Let X and Y be a topological spaces.

Suppose X is the union of two closed subsets A and B of X .

Let f: A -> Y and g: B-> Y be continuous.

If f(x)=g(x) for every x in the intersection of A and B, then let h: X -> Y be a function defined by setting h(x)=f(x) for x in A, and h(x)=g(x) for x in B.

Then could we say that h is continuous ? Why?

This is called the gluing lemma. It applies to finitely many closed sets and arbitrarily many open.
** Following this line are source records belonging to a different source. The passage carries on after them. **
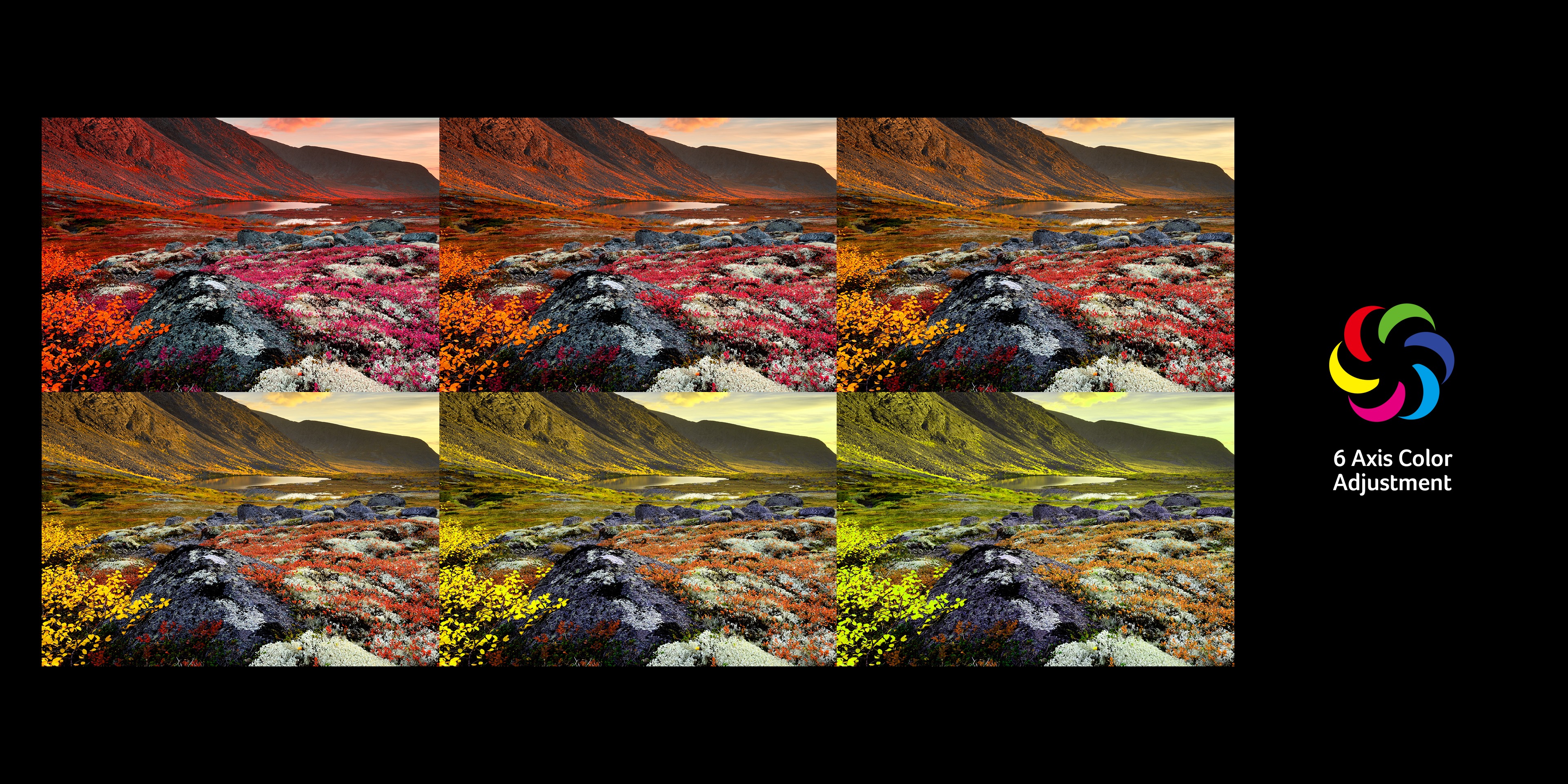 Монітори Acer використовують унікальну форму 6-осьового налаштування кольорів, що допомагає професіоналам досягти необхідних точних кольорів та відтінків. Використовуючи цю функцію, користувач може налаштувати відтінок та насиченість у 6 осях. Ці осі змінюються від R, G, B до C, M та Y, що дозволяє користувачеві забезпечувати кольори монітора залежно від професійних потреб.
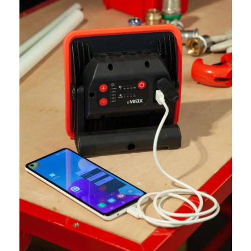 Projecteur de chantier étanche (protection IP67) avec boitier robuste en aluminium moulé pour une utilisation intensive et professionnelle dans des environnements de travail exigeants. Fonction batterie de secours avec port USB pour recharger vos appareils mobiles. Technologie de LED COB pour un éclairage puissant de 2000 lumens. Très grande autonomie jusqu'à 20 heures grâce à sa batterie Li-ion 7,3V / 4000 mAh. Réglage de l'intensité d'éclairage sur 5 niveaux de 10% à 100%. Poignée articulée avec aimants puissants. Indicateur de durée d'éclairage restant, indicateur du niveau de la batterie pendant la charge.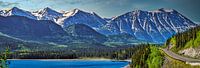 Rechts de weg langs het meer en in de achtergrond de besneeuwde bergen. Panoramafotografie. Prachtige natuur.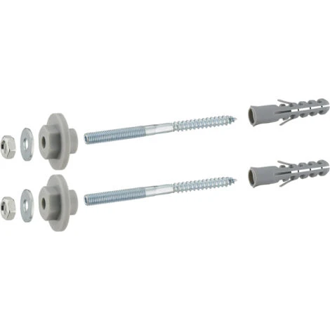 - fissaggi per lavandino su parete piena con rondelle regolabili, viti in acciaio 10×120 mm, tasselli 14×70 mm, dadi e rondelle piatte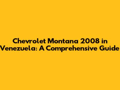 Chevrolet Montana 2008 In Venezuela: A Comprehensive Guide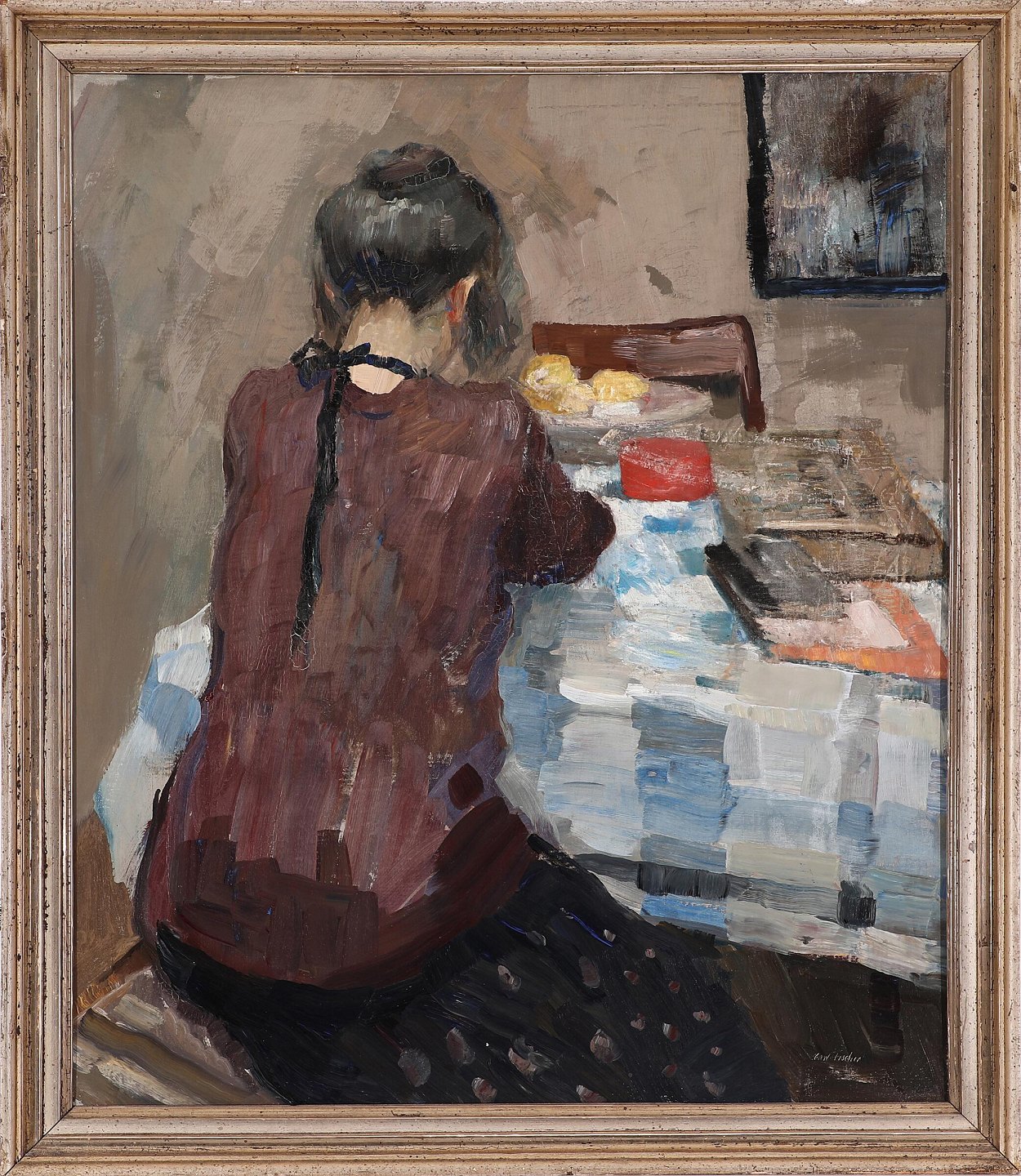"Interiør med rygvendt kvinde" Oliemaleri på lærred i sølv ramme. Smukt maleri lige til at hænge op.

So, suppose that \(\displaystyle X=A\cup B\) where \(\displaystyle A,B\) are closed subspaces of \(\displaystyle X\) and \(\displaystyle f:A\to Y\) and \(\displaystyle g:B\to Y\) are continuous functions such that \(\displaystyle f\mid_{A\cap B}=g\mid_{A\cap B}\) then \(\displaystyle f\sqcup g:X\to Y:x\mapsto\begin{cases}f(x)\quad\text{if}\quad x\in A\\g(x)\quad\text{if}\quad x\in B\end{cases}\) is well-defined since \(\displaystyle f,g\) agree on the intersection of their domains. Also, it's continuous since if \(\displaystyle E\subseteq Y\) is closed it is easy to see that \(\displaystyle \left(f\sqcup g\right)^{-1}(E)=f^{-1}(E)\cup g^{-1}(E)\). But, since \(\displaystyle f,g\) are continuous \(\displaystyle f^{-1}(E),g^{-1}(E)\) are closed subspaces of \(\displaystyle A,B\) respectively but since they themselves are closed subspaces of \(\displaystyle X\) it follows that so are \(\displaystyle f^{-1}(E),g^{-1}(E)\). Thus, \(\displaystyle \left(f\sqcup g\right)^{-1}(E)\) is the finite union of closed sets and thus closed. The conclusion follows.

This can be generalized, as I said, to a finite partition of closed sets or an arbitary partition of open ones.